Code to accompany the paper: Collapsible Linear Blocks for Super-Efficient Super Resolution (https://arxiv.org/abs/2103.09404).
It is recommended to use a conda environment with python 3.6. Start by installing the requirements: Minimum requirements: tensorflow-gpu>=2.2 and tensorflow_datasets>=4.1. Install these using the following command:
./install_requirements.sh
The training time would increase if we directly train collapsible linear blocks in the expanded space and collapse them later. To address this, we developed an efficient implementation of SESR: We collapse the "Linear Blocks" at each training step (using Algorithms 1 and 2 shown in the paper), and then use this collapsed weight to perform forward pass convolutions. Since model weights are very small tensors compared to feature maps, this collapsing takes a very small time. The training (backward pass) still updates the weights in the expanded space but the forward pass happens in collapsed space even during training (see figure below). Therefore, training the collapsible linear blocks is very efficient.
For the SESR-M5 network and a batch of 32 [64x64] images, training in expanded space takes 41.77B MACs for a single forward pass, whereas our efficient implementation takes only 1.84B MACs. Similar improvements happen in GPU memory and backward pass (due to reduced size of layerwise Jacobians).

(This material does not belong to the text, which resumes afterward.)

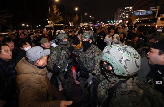 지난해 12월 4일 새벽 서울 여의도 국회 앞에서 시민들이 경내로 진입하려는 계엄군을 붙잡아 막아서고 있다. 2024.12.4/뉴스1 |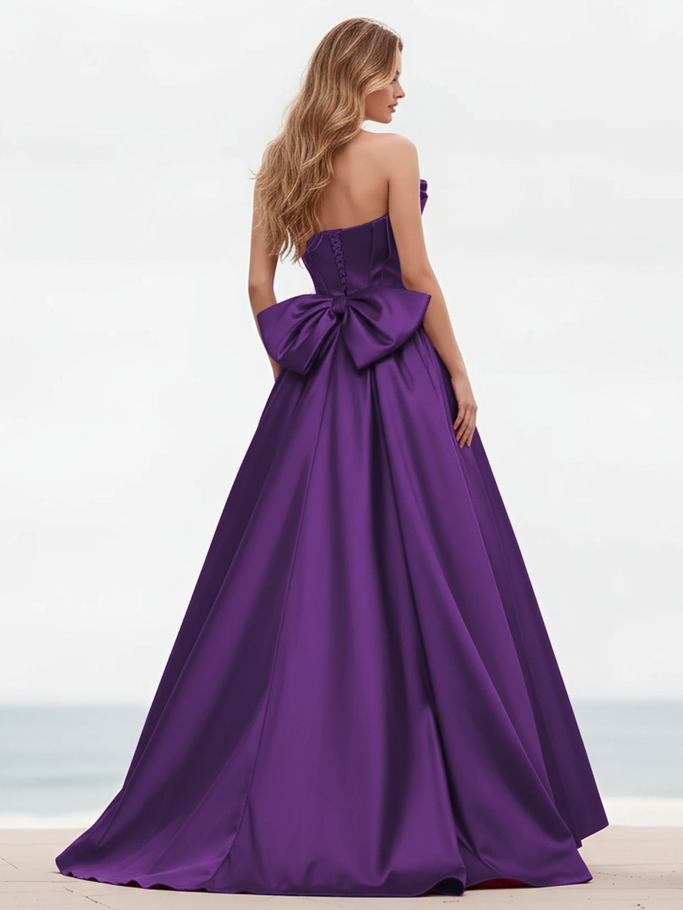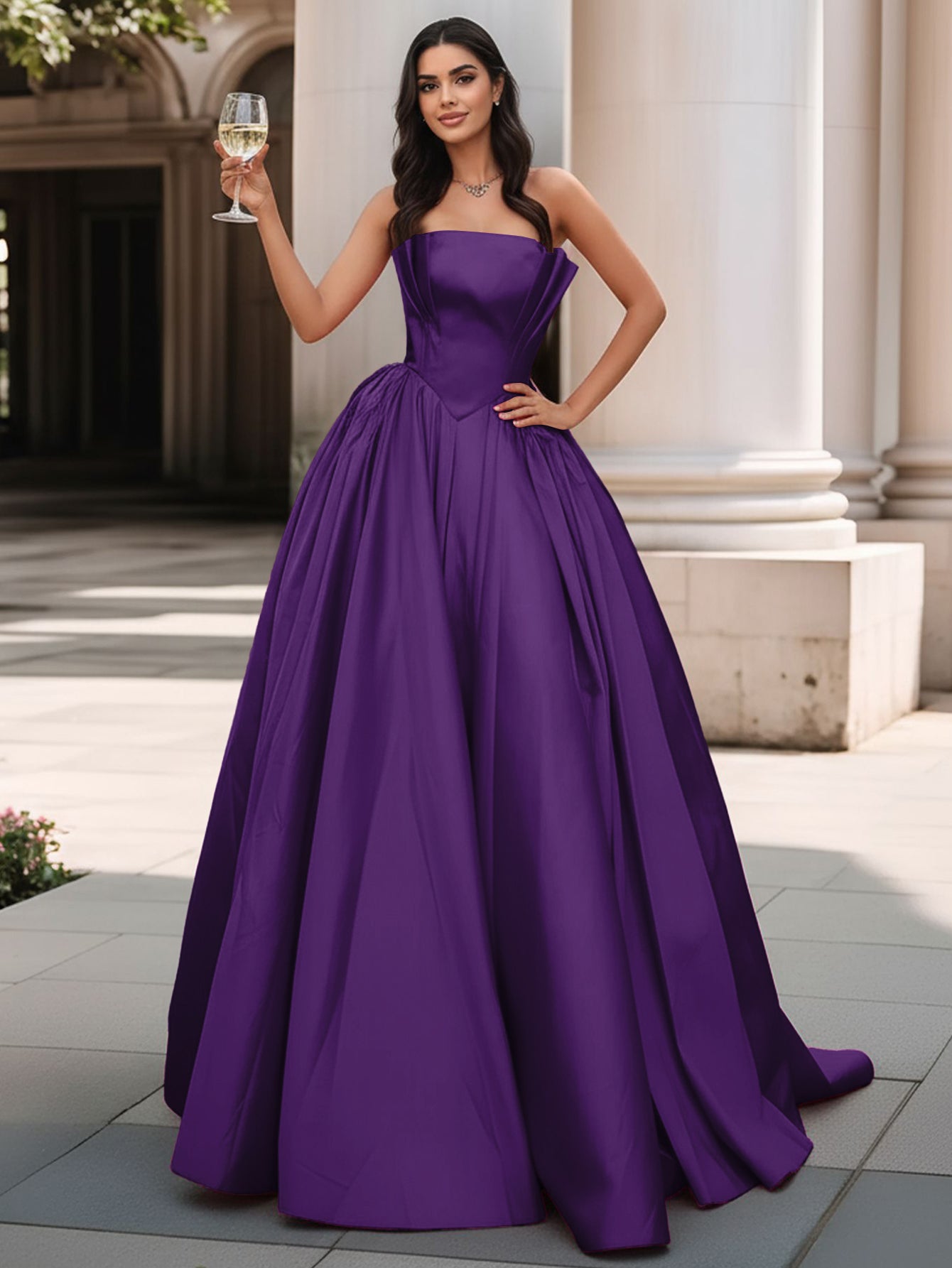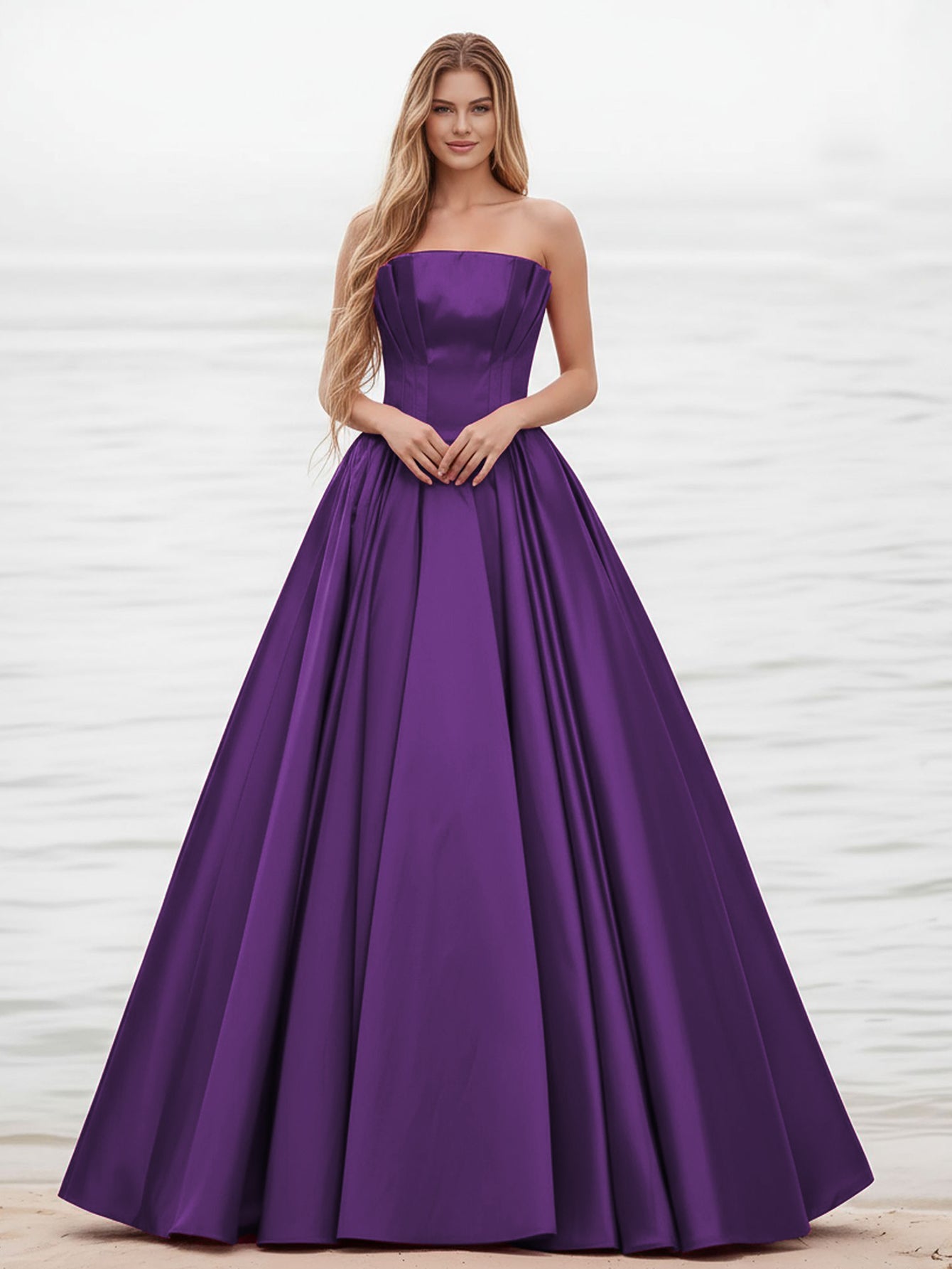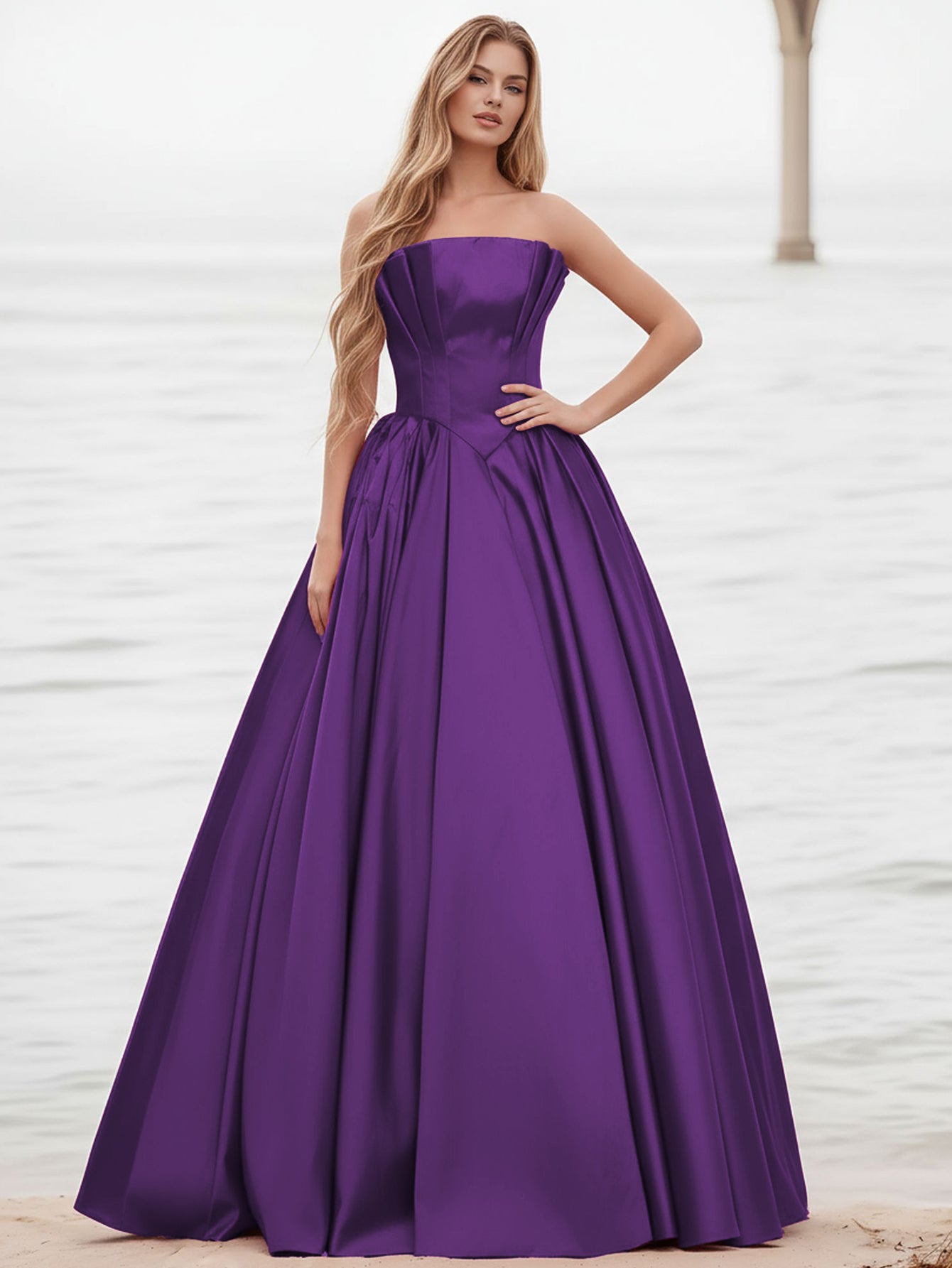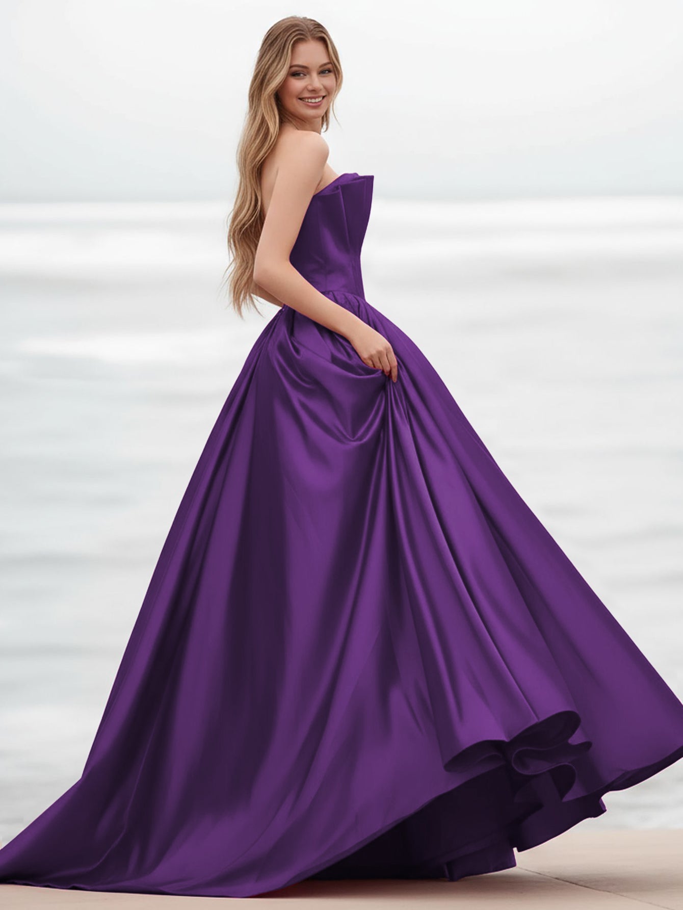 Pleated Bust Ruffle Hem Strapless Satin Prom Ball Gown - Purple

Train SESR-M5 network with m = 5, f = 16, feature_size = 256, with collapsed linear block:
python train.py
Train SESR-M5 network with m = 5, f = 16, feature_size = 256, with expanded linear block:
python train.py --linear_block_type expanded
Train SESR-M11 network with m = 11, f = 16, feature_size = 64, with collapsed linear block:
python train.py --m 11 --feature_size 64
Train SESR-XL network with m = 11, f = 16, feature_size = 64, with collapsed linear block:
python train.py --m 11 --int_features 32 --feature_size 64
Training x4 SISR: Requires a corresponding pretrained x2 model to be present in the directory logs/x2_models/
Train SESR-M5 network with m = 5, f = 16, feature_size = 256, with collapsed linear block:
python train.py --scale 4
Train SESR-M5 network with m = 5, f = 16, feature_size = 256, with expanded linear block:
python train.py --linear_block_type expanded --scale 4
Train SESR-M11 network with m = 11, f = 16, feature_size = 64, with collapsed linear block:
python train.py --m 11 --feature_size 64 --scale 4
Train SESR-XL network with m = 11, f = 16, feature_size = 64, with collapsed linear block:
python train.py --m 11 --int_features 32 --feature_size 64 --scale 4
File | Description |
---|---|
train.py | Contains main training and eval loop for DIV2K dataset |
utils.py | Dataset utils and preprocessing |
models/sesr.py | Contains main SESR network class |
models/model_utils.py | Contains the expanded and collapsed linear blocks (to be used inside SESR network) |
Flag | Filename | Description | Default value |
---|---|---|---|
epochs | train.py | Number of epochs to train | 300 |
batch_size | train.py | Batch size during training | 32 |
learning_rate | train.py | Learning rate for ADAM | 2e-4 |
model_name | train.py | Name of the model | 'SESR' |
scale | utils.py | Scale of SISR (either x2 or x4 SISR) | 2 |
feature_size | models/sesr.py | Number of features inside linear blocks (used for SESR only) | 256 |
int_features | models/sesr.py | Number of intermediate features within SESR (parameter f in paper). Used for SESR. | 16 |
m | models/sesr.py | Number of 3x3 layers (parameter m in paper). Used for SESR. | 5 |
linear_block_type | models/sesr.py | Specify whether to train a linear block which does an online collapsing during training, or a full expanded linear block: Options: "collapsed" [DEFAULT] or "expanded" | 'collapsed' |